(Dataset records)
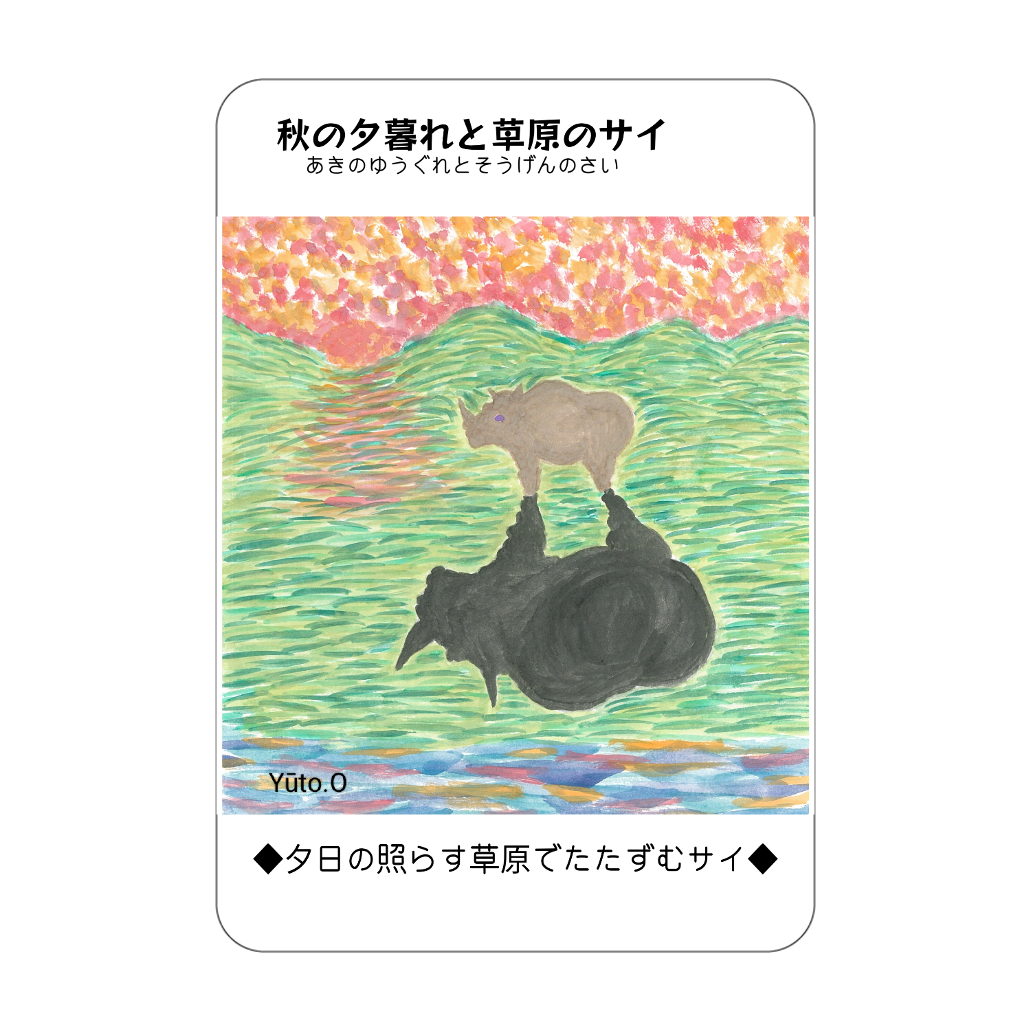 夕日の照らす草原でたたずむサイが描かれたアクリル製のコレクションカード。
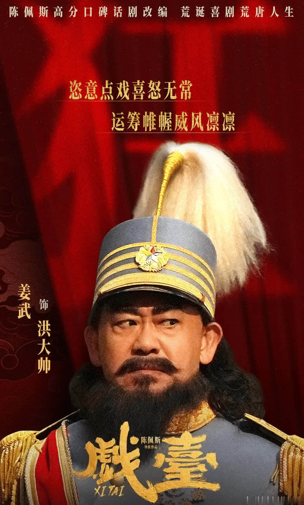 陈佩斯、黄渤、姜武的组合号称“笑剧天花板”。陈佩斯将侯喜亭的奸诈与颓落如鱼得水,为求真确真撞柱、真扇耳光;黄渤把大嗓儿的憨傻与执着演绎得长篇大论,从初度登台的神魂颠倒到最终挺身而出的决绝,完成常人物的成长弧光;姜武则赋予洪大帅孩童般的结净与暴君的厉害,唐山方言的“老乡儿”“忒儿好啊”成为全片最大笑点。就连副角也个个出彩:余少群的虞姬扮相惊艳却侥幸多舛,陈大愚将“恶奴”徐明礼的驴蒙虎皮演得活纯真现。
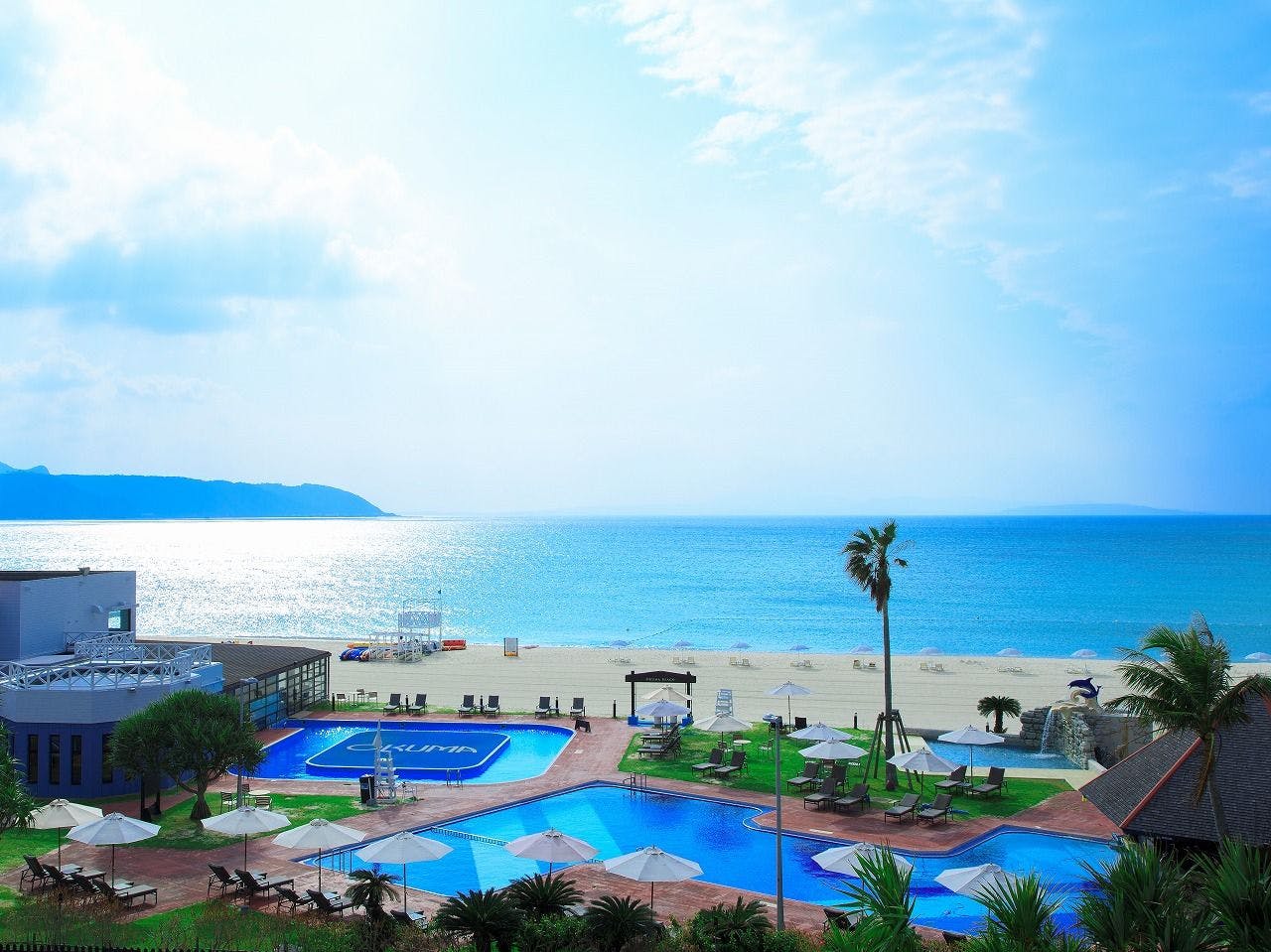 ●全室正面に海が見えるオーシャンフロント!バルコニー付 ●ステージショー7/22~8/31毎日開催18:30~、19:30~ 宿泊者参加無料! ●連泊で温泉やディナー1回付などプランにより特典多数!
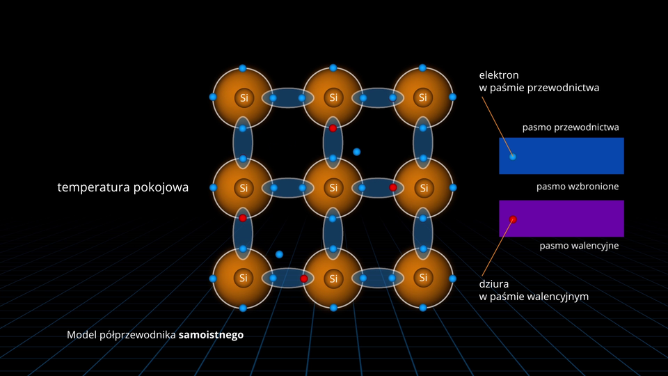 Poniższa animacja pokazuje schemat wiązań w typowym półprzewodniku - krzemie oraz ilustruje powstawanie swobodnych elektronów i dziur w półprzewodnikach i ich chaotyczny ruch.
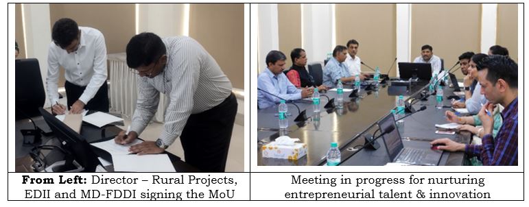 On behalf of FDDI, Colonel Pankaj Kumar Sinha, Managing Director (MD) signed the MoU, whereas, on behalf of EDII, Dr. Rajesh Gupta, Director – Rural Projects signed the MoU.
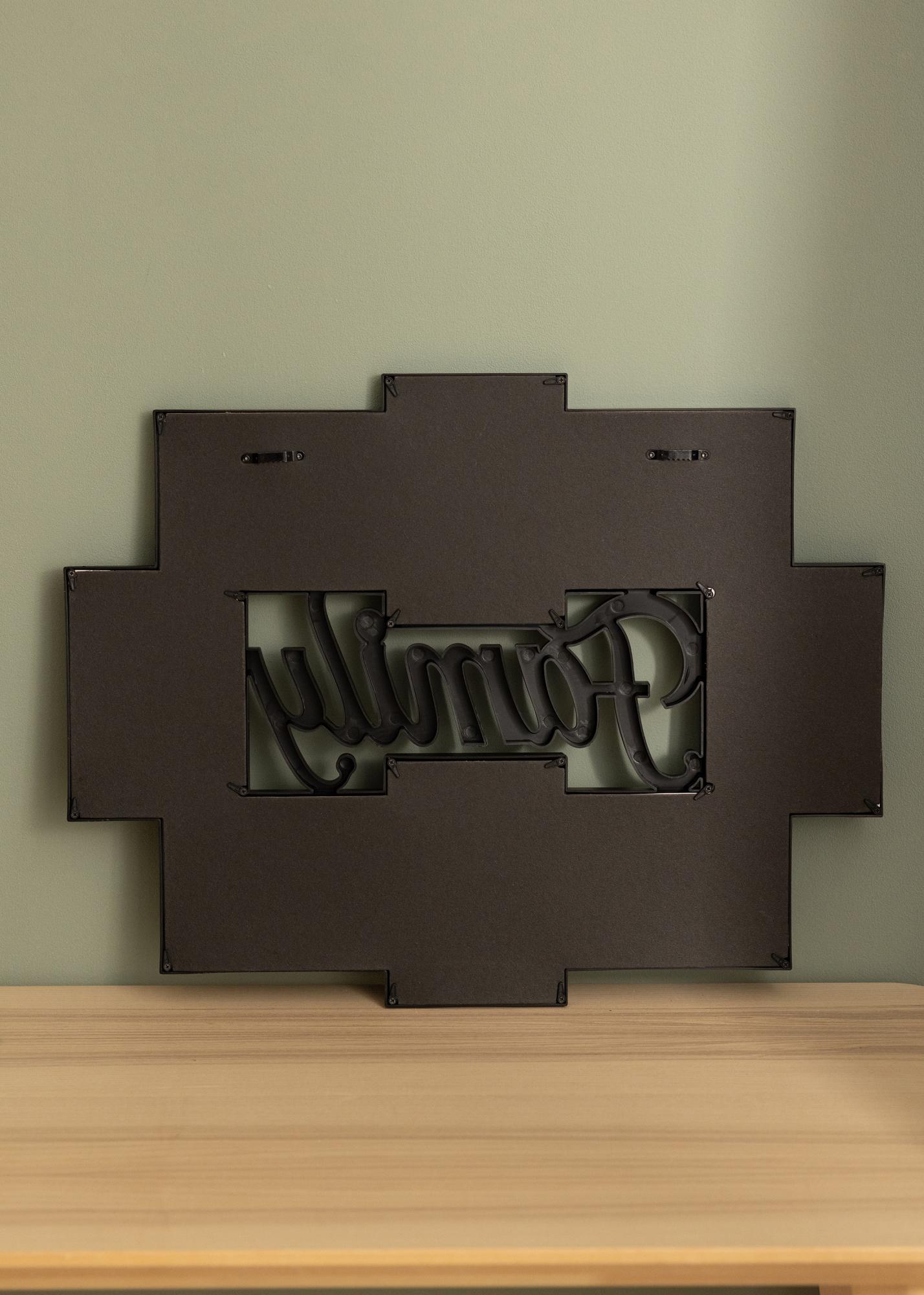 Hängen Sie Fotos der ganzen Familie in einem stilvollen Collagerahmen auf! Dieser schwarze Rahmen fasst 8 Bilder im Format 10x15 cm, die um den ausgeschnittenen Text „Family“ in der Mitte des Rahmens platziert werden. Es gibt Platz für Fotos in sowohl Hoch- als auch Querformat, sodass Sie flexibler sein können, wenn Sie entscheiden, welche Motive Sie in den Rahmen einsetzen. Um Ihre Bilder in den Collagerahmen einzusetzen, lösen Sie die Rückseite des Rahmens mit Hilfe von drehbaren Clips, um dann Ihre Fotos einfach dort zu platzieren, wo Sie sie haben möchten.

● Exercise brief:
The answer must be an exact copy of the lines above, from the start of the records through the line with "Poniższa animacja pokazuje", and of nothing else; no pictures belong in it.

● Solution to the exercise:
 夕日の照らす草原でたたずむサイが描かれたアクリル製のコレクションカード。
 陈佩斯、黄渤、姜武的组合号称“笑剧天花板”。陈佩斯将侯喜亭的奸诈与颓落如鱼得水,为求真确真撞柱、真扇耳光;黄渤把大嗓儿的憨傻与执着演绎得长篇大论,从初度登台的神魂颠倒到最终挺身而出的决绝,完成常人物的成长弧光;姜武则赋予洪大帅孩童般的结净与暴君的厉害,唐山方言的“老乡儿”“忒儿好啊”成为全片最大笑点。就连副角也个个出彩:余少群的虞姬扮相惊艳却侥幸多舛,陈大愚将“恶奴”徐明礼的驴蒙虎皮演得活纯真现。
 ●全室正面に海が見えるオーシャンフロント!バルコニー付 ●ステージショー7/22~8/31毎日開催18:30~、19:30~ 宿泊者参加無料! ●連泊で温泉やディナー1回付などプランにより特典多数!
 Poniższa animacja pokazuje schemat wiązań w typowym półprzewodniku - krzemie oraz ilustruje powstawanie swobodnych elektronów i dziur w półprzewodnikach i ich chaotyczny ruch.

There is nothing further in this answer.